▸ TASK TO CARRY OUT
Print, please, exactly the lines from the one with "The shower mat" through the final line of the data below, with both ends included and the pictures left out.

▸ DATA PROVIDED

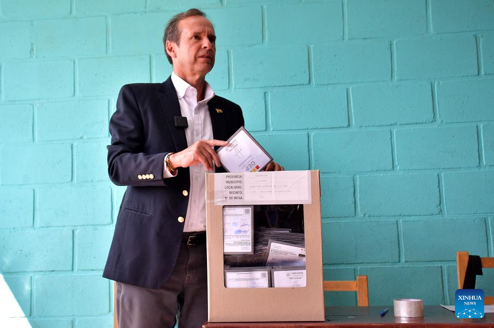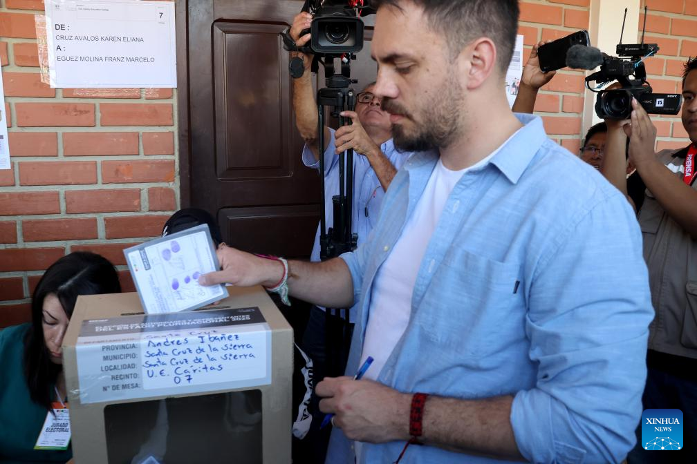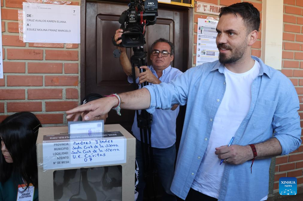 El candidato a la Presidencia de Bolivia, Eduardo del Castillo (frente), deposita su voto en una urna electoral durante las elecciones generales, en una unidad educativa, en la ciudad de Santa Cruz, Bolivia, el 17 de agosto de 2025. Las mesas electorales cerraron el domingo en Bolivia, tras ocho horas de jornada de votación en las elecciones generales e inició el conteo de votos en cada recinto con la participación de jurados y delegados políticos, confirmó el presidente del Tribunal Supremo Electoral (TSE), Oscar Hassenteufel. (Xinhua/Enrique Canedo)
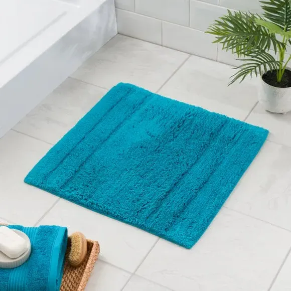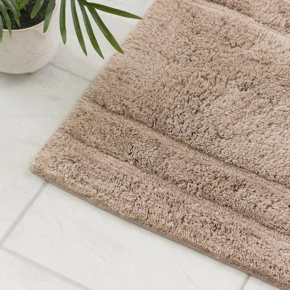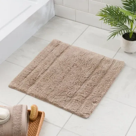 The shower mat offers plush comfort with its dense cotton pile, featuring textured stripe detailing for a refined finish. Its thick construction provides cushioned support underfoot, while the 100% cotton material absorbs splashes effectively. The machine washable design maintains freshness with regular use, and the soft pile adds comfort to daily routines.
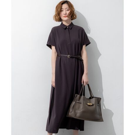 フロントはすっきりとしたシンプルなストレートシルエットでありながら、サイドに施された深めのタックディテールが目を惹くワンピースです。動くたびにサイドのタックが揺れ、一枚でさらりと着るだけで華やかで洗練されたスタイリングが決まります。きちんと感のある襟付きデザインのため、通勤などのオンタイムから、休日のお出かけやちょっとしたお食事会まで幅広いシーンで活躍します。カーディガンやジャケットを羽織ってもすっきりとまとまり、合わせるバッグやシューズ次第で様々な表情をお楽しみいただけます。カラーは、肌なじみが良くやわらかな印象のベージュ系(#033)、落ち着いた大人の雰囲気を醸し出すダークブラウン系(#035)、知的で上品なネイビー系(#075)の3色展開です。

▸ FINAL ANSWER
 The shower mat offers plush comfort with its dense cotton pile, featuring textured stripe detailing for a refined finish. Its thick construction provides cushioned support underfoot, while the 100% cotton material absorbs splashes effectively. The machine washable design maintains freshness with regular use, and the soft pile adds comfort to daily routines.
 フロントはすっきりとしたシンプルなストレートシルエットでありながら、サイドに施された深めのタックディテールが目を惹くワンピースです。動くたびにサイドのタックが揺れ、一枚でさらりと着るだけで華やかで洗練されたスタイリングが決まります。きちんと感のある襟付きデザインのため、通勤などのオンタイムから、休日のお出かけやちょっとしたお食事会まで幅広いシーンで活躍します。カーディガンやジャケットを羽織ってもすっきりとまとまり、合わせるバッグやシューズ次第で様々な表情をお楽しみいただけます。カラーは、肌なじみが良くやわらかな印象のベージュ系(#033)、落ち着いた大人の雰囲気を醸し出すダークブラウン系(#035)、知的で上品なネイビー系(#075)の3色展開です。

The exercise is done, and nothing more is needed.